PROBLEM DESCRIPTION
Ignoring pictures, transcribe exactly the lines between the one containing "- Размери: дължина: 60" and the end of the material, both included.

DATASET CONTENT

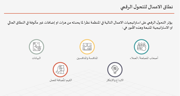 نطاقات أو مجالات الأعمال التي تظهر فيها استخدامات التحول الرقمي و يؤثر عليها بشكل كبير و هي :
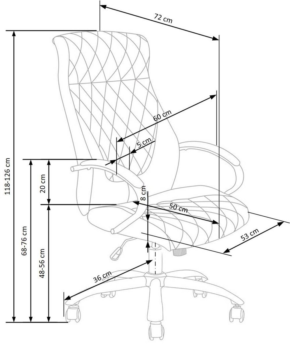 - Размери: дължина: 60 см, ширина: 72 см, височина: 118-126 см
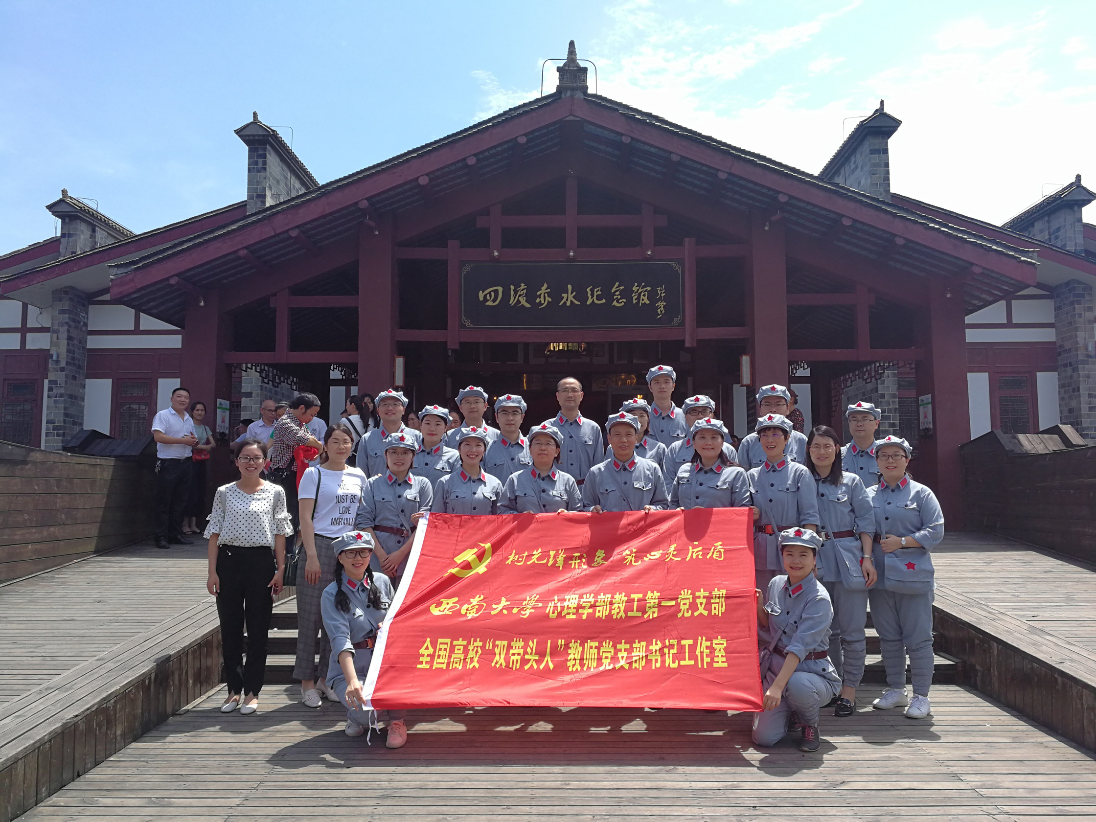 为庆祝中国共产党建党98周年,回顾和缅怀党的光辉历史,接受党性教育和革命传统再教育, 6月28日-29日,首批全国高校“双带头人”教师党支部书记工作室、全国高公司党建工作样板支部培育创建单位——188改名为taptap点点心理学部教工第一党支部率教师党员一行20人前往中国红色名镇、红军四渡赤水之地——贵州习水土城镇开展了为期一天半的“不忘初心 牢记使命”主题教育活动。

EXERCISE RESULT
 - Размери: дължина: 60 см, ширина: 72 см, височина: 118-126 см
 为庆祝中国共产党建党98周年,回顾和缅怀党的光辉历史,接受党性教育和革命传统再教育, 6月28日-29日,首批全国高校“双带头人”教师党支部书记工作室、全国高公司党建工作样板支部培育创建单位——188改名为taptap点点心理学部教工第一党支部率教师党员一行20人前往中国红色名镇、红军四渡赤水之地——贵州习水土城镇开展了为期一天半的“不忘初心 牢记使命”主题教育活动。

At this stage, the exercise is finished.